Officers to help government's groundbreaking War on Dignity
by Steve Cook
News just in is that the Home Secretary has instructed the UK police to adjust their priorities so that they align with with current government plans to make everybody safe.
She explained that "making the citizens of this great nation safe" can only be achieved in the same way one would render safe any dangerous individual: by (metaphorically speaking) wrestling him to the ground, then locking him up where he can never bother an innocent government again.
This, secret government scientists have discovered, can best be achieved by making him wear a face mask that makes him (or her, for this is an equal opportunities humiliation) look and feel like a complete twat, lowers his confidence and self esteem and enables him to signal his obedience to dominant alpha males such as Matt Hancock, Boris Johnson and other lunatics.
Accordingly, the police are being instructed to drop their misguided prioritisation of knife crime and similar misdemeanors in order to keep officers more usefully preoccupied with more serious crimes in alignment with the government's War on Dignity.
Henceforth, policing will concentrate on the stamping out of a far greater, more devastating evil: people not wearing face masks.
Many people have jumped to the conclusion that their being asked to cover their face has something to do with stopping a virus before it dies out of its own accord (last Tuesday) but this is not the case.
There is no known, scientifically verified reason for healthy people to wear a mask except that it strengthens the government's immunity to democracy, reality and similar epidemics by boosting its natural power to make people do anything it wants no matter how pointless or stupid and this is now considered the government's number one priority after the care and comfort of the ailing pharmaceutical industry.
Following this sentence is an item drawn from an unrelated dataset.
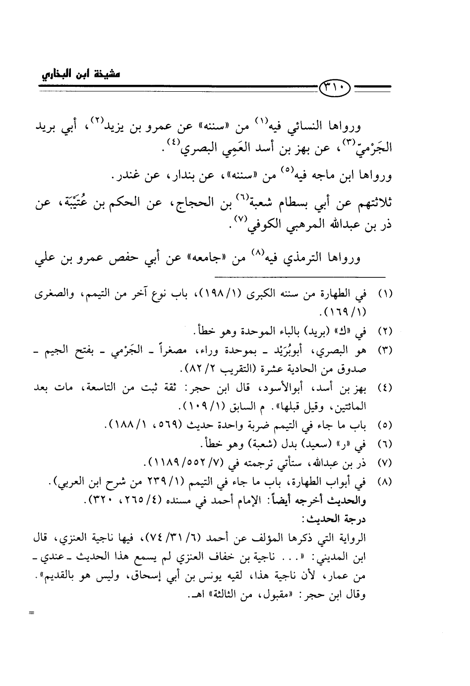 وَرَوَاهَا النَّسَائِيُّ فِيهِ مِنْ " سُنَنِهِ " عَنْ عَمْرِو بن يزِيد، أَبِي بُرَيْدٍ الْجَرْمِيِّ، عَنْ بَهْزِ بْنِ أَسَدٍ الْعَمِّيِّ الْبَصْرِيِّ. وَرَوَاهَا ابْنُ مَاجَهْ فِيهِ مِنْ " سُنَنِهِ " عَنْ بُنْدَارٍ، عَنْ غُنْدَرٍ. ثَلَاثَتُهُمْ عَنْ أَبِي بِسْطَامٍ شُعْبَةَ بْنِ الْحَجَّاجِ، عَنِ الْحَكَمِ بْنِ عُتَيْبَةَ، عَنْ ذَرِّ بْنِ عَبْدِ اللَّهِ الْمُرْهِبِيِّ الْكُوفِيِّ.
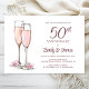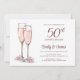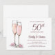 Levanten un vaso con nosotros mientras brindemos por nuestro 50 aniversario de bodas. Esta elegante invitación, con dos brillantes vasos de champán rosa, es la manera perfecta de invitar a tus amigos y familia a unirse a la alegría, la risa y los preciados recuerdos. Puede agregar sin esfuerzo todos los detalles necesarios al texto del personalizable. Elija entre varios tipos de papel y estilos de esquina para que sus invitaciones sean únicas. Además, tiene la opción de descargar la invitación si prefiere un formato digital.

Knife crime is considered to be of far less importance than was once believed by citizens and other ignorant sectors and pales to insignificance in comparison with the government's need to get everybody to bandage their face.
It is also hoped that by taking the unjust stops off of people playfully shivving one another we may be able to boost traffic to hospital casualty departments. These have been unprecedentedly and worryingly quiet since the outbreak of a sinister virus that strikes without warning or, indeed, symptoms in most cases.
The government is to make the wearing of cycle helmets mandatory for all citizens inside and outside the home so as to keep them safe should they fall over.